Die Teilzeitquote liegt bei 35 % und sei ebenso einbezogen worden wie alle anderen. Das Projekt wurde in Zusammenarbeit mit Mitarbeitenden aus allen Fachbereichen, dem Betriebsrat und der Bereichsleitung entwickelt. Graf rät anderen Banken, ihre Prozesse zu verschlanken und die Arbeitszeitverteilung zu überprüfen. Er gibt zu, dass es Hürden gab, wie die Anpassung der Gleitzeitkonten und die Notwendigkeit, tarifvertragliche Bestimmungen zu beachten. Trotzdem wurde durch den Kulturwandel und das neue Mindset die Anzahl der Bewerbungen für vakante Stellen vervielfacht, unbesetzte Stellen wurden schnell besetzt und die Krankheitstage reduziert, ohne Produktivitätsverlust.

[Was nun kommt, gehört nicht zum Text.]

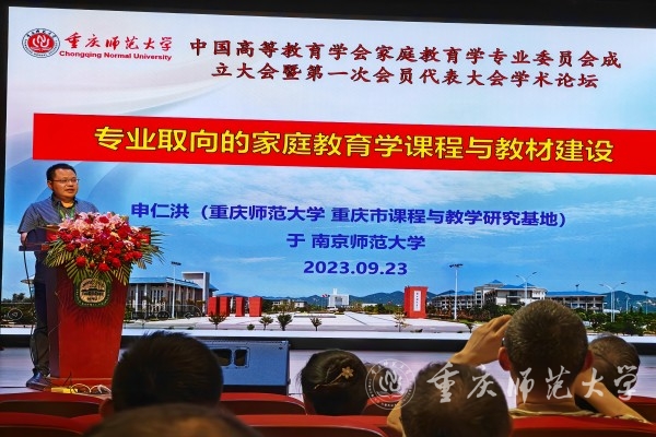 学术论坛上,bw必威申仁洪教授作题为《专业取向的家庭教育学课程与教材建设》的主旨报告。他在回顾教育部第五轮学科评估标准基础之上,探寻了家庭教育学科与课程教材建设的核心要素和核心问题。此外,他还介绍了课程教学系统的关系模型对家庭教育学科建设的启发,以及知识学习的整体关联性对家庭教育专业人才培养标准制定的影响。

Graf berichtet von positiven Rückmeldungen der Mitarbeiter, die nun freitags persönliche Angelegenheiten erledigen können und ein echtes Wochenende genießen. Die 4-Tage-Woche wird regelmäßig im Monatsdialog mit dem Betriebsrat und durch Mitarbeiterbefragungen evaluiert, um sicherzustellen, dass sie weiterhin effektiv und vorteilhaft ist.

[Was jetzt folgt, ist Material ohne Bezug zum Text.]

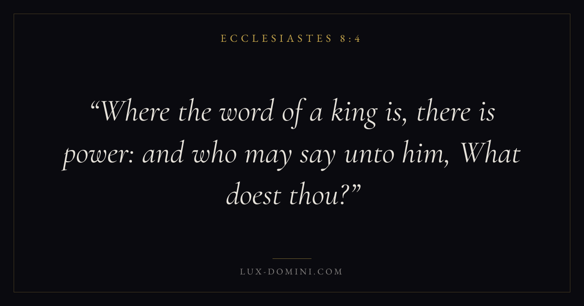 Where the word of a king is, there is power: and who may say unto him, What doest thou?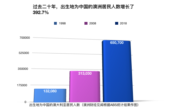据ABS统计,在2018年,出生地为中国的澳洲居民共有约65万人,比1998年增长了392.7%。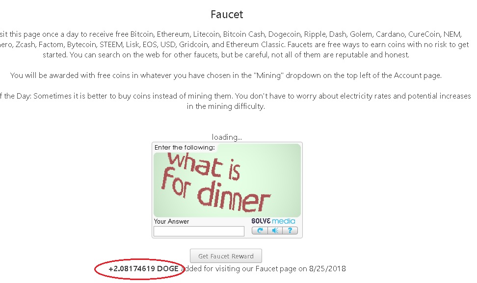 Observamos la potencia y el tiempo de minado en la nube el cual nos marca 24 horas. Una vez pasado ese tiempo, podremos recomprar potencia por 24 horas, y adicional resolver el captcha del faucet para obtener mas saldo diario.

Carsten Graf, der seit Juli 2011 Vorstandssprecher der PSD Bank Braunschweig ist und über langjährige Erfahrung im Vertrieb und in der Personalverantwortung bei einer großen Genossenschaftsbank im Rheinland verfügt, zeigte durch diesen Vortrag eindrucksvoll, wie die 4-Tage-Woche im Bankwesen nicht nur möglich, sondern auch erfolgreich sein kann.